Robert Hanks, The Independent:
As for Echo Beach itself... There was some fun to be had from spotting, in the opening scenes, how the scenarios set up in Moving Wallpaper played out. When Jason Donovan, returning to Cornwall after years in exile, sighed over the wrecked condition of the beach café he'd just bought, we knew that it was because most of the scenery budget had gone on Jonathan Pope's marble-lined en suite shower. When a customer in the pub asked for a brandy and soda, we knew that the actress had got a line to speak because she had given Jonathan a blow job, and we knew that the barmaid serving her was called Narinder because ITV needs to meet its ethnic quotas (as the head of continuing drama instructed Jonathan: "The pressure's off black, but the channel's still struggling on Asian"). But as it continued, the hard truth dawned that watching a wooden and derivative soap isn't necessarily more fun just because its intentions are satirical. It needs to be either a bit more Acorn Antiques or a bit more Dynasty.

Echo Beach 102 review

Those that remember the youth quartet of Ramsay Street:

Scott (blond)
Charlene (curly blonde)
Mike (dark)
Jane (straight blonde)

will be delighted by a similar foursome here:

Susan Penwarden's son (blond)
Helen Lederer's daughter (curly blonde)
Jason Donovan's son (dark)
Susan Penwarden's daughter (straight blonde)

And it doesn't really matter who goes after who, because there's always a Hard Hitting Incest Storyline if the family trees get mixed up.

There's also a spare and quite irritating dark haired bloke (Glenn Robinson? Henry Ramsay?) floating around, and a random Hollyoaks couple who are running the Summer Bay caravan park. And an Asian girl with a mildly irritating voice. But the scriptwriters don't hold back on dealing these drama school graduettes some gripping dialogue, allowing them to fully display their vastly impressive acting range:



Evil is Afoot at the caravan park, which from the wideshot looks little better than a prisoner of war camp comprised of white portacabins:



Bulldozing it would be an act of mercy.

Echo Beach 101 review

What a marvellous treat: a step back in time to the golden era of Neighbours in its proper children-were-children and adults-were-adults suburban melodrama days.

Only this is "Polnarren", a Cornish village that would very much like to be Summer Bay/Palm Beach but sadly lacks any inhabitants with even an E-grade GCSE in surfing. And let's face it, we all know what British summers are really like. No amount of upping the colour saturation on Polnarren beach to fluorescent yellow can disguise the grizzled skies.

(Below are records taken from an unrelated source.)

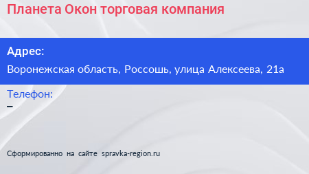 Планета Окон, торговая компания по адресу Воронежская область, Россошь, улица Алексеева, 21а в дальнейшем Организация, размещена в следующих категориях: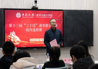 为进一步引导教师潜心育人,提升教师教学水平,2025年12月10日14时30分BB贝博艾弗森官网第十三届“三十佳”课堂教学竞赛院内选拔赛在数理楼245教室正式拉开帷幕。湖南大学彭豪副教授(第五届全国高校青年教师教学竞赛理科组一等奖)、BB贝博艾弗森官网刘再明教授、秦毅红教授、王小玲教授、谢斌教授五位校内外专家应邀担任评委,学院党委副书记杨雪宾主持。经报名选拔,共8名青年教师同台竞技。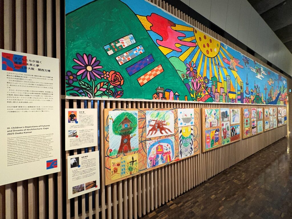セクションⅢでは、2025 年大阪・関西万博の文化庁催事「建築文化と循環経済の未来~この子たちなら大丈夫~」にて制作された作品を展示します。ひときわ目を引く10m の大作は、ロサンゼルス在住の志村星氏とシュローミ・J・ハユン氏が描いた未来都市のアウトラインに、約100人の子どもたちが色をのせることで完成した作品です。さらに、子どもたちが描いた約40点の絵画を、色彩豊かなインスタレーションで知られる現代美術家の鬼頭健吾が展示監修。独自の視点で配置された作品群には、「未来のプレス案内街」への子どもたち一人ひとりの想いが込められています。子どもたちと日米 3 名のアーティストとのコラボレーションを通して、希望に満ちた未来を展望します。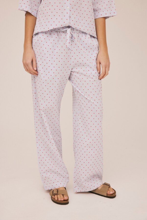 Bukser fra Magasin du Nord Collection i den blødeste kvalitet af 100% økologisk bomuld med GOTS-certificering. Bukserne er stribede med små, broderede hjerter i et fint allover mønster. Derudover har bukserne elastik og bindebånd i taljen, sidelommer samt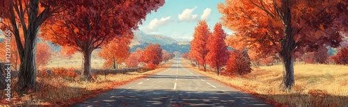 © LyceeChee, Obraz premium Autumn Road Scene With Colorful Trees And Scenic View
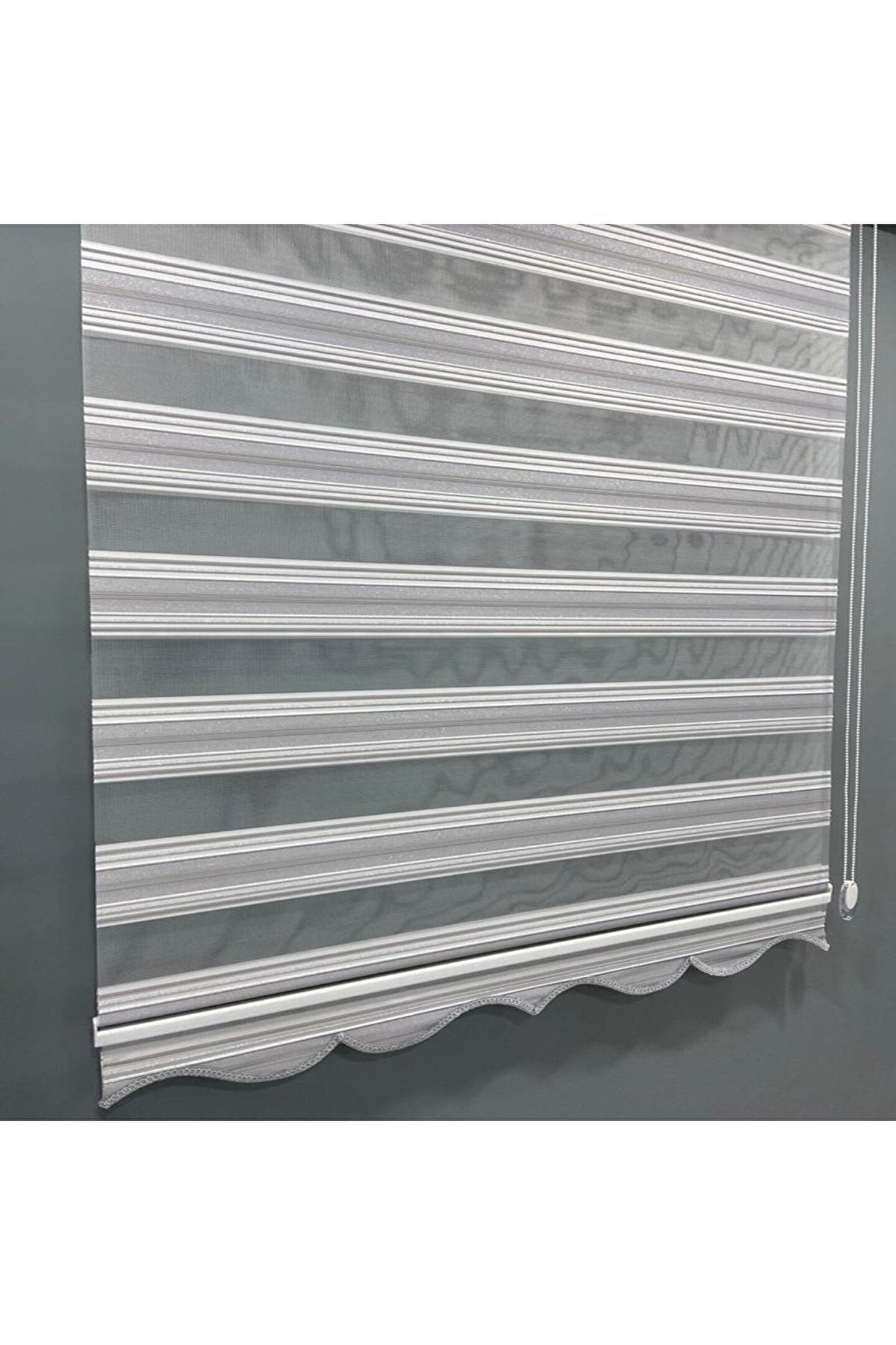 CEYHAN STORE Zebra Stor Perde Ekru Gri Lüx Etek Dilimli

Susan Penwarden, better known as Tiffany from Eastenders, appears to be on a fairground ride or something in the opening titles. This does nothing to dispel perceptions that she gave birth to two strapping teenagers aged about 12, sired by Hugo Speers. What also doesn't help is having Susie Amy hanging around, who looks a perfectly-preserved late-thirties despite her claims to a 1980s birthdate.

In the local pub, where Mrs McCluskey is now works behind the bar, things are even more confusing. There's nothing strange about a London schoolmistress choosing to spend her retirement in Cornwall, but she has also picked up a Cornish accent over the years. As has Mike Baldwin, who surely only departed the North West (and this earth) a few months ago? Adding to the accent mayhem is Jason Donovan's bizarre British twang - is he hoping to get his children into Eton? - which inspires distinctly Australian vowels from chirpy cockney "Old Cornwall" Susan Penwarden in the followingly exquisitely awful exchange:
Jason:
I went all around the world in my head, and in the end it was the kids who made me realise I belong hyah.
Susan:
Once maybe, but not naow.

14 January, 2008

Critics' reviews - 10th Jan 2008

Anna Pickard, The Guardian:
Jason and Martine are currently playing the most excrutiating scene I've ever seen either of them in, and that's saying something. However, I don't think it's on purpose. I really don't.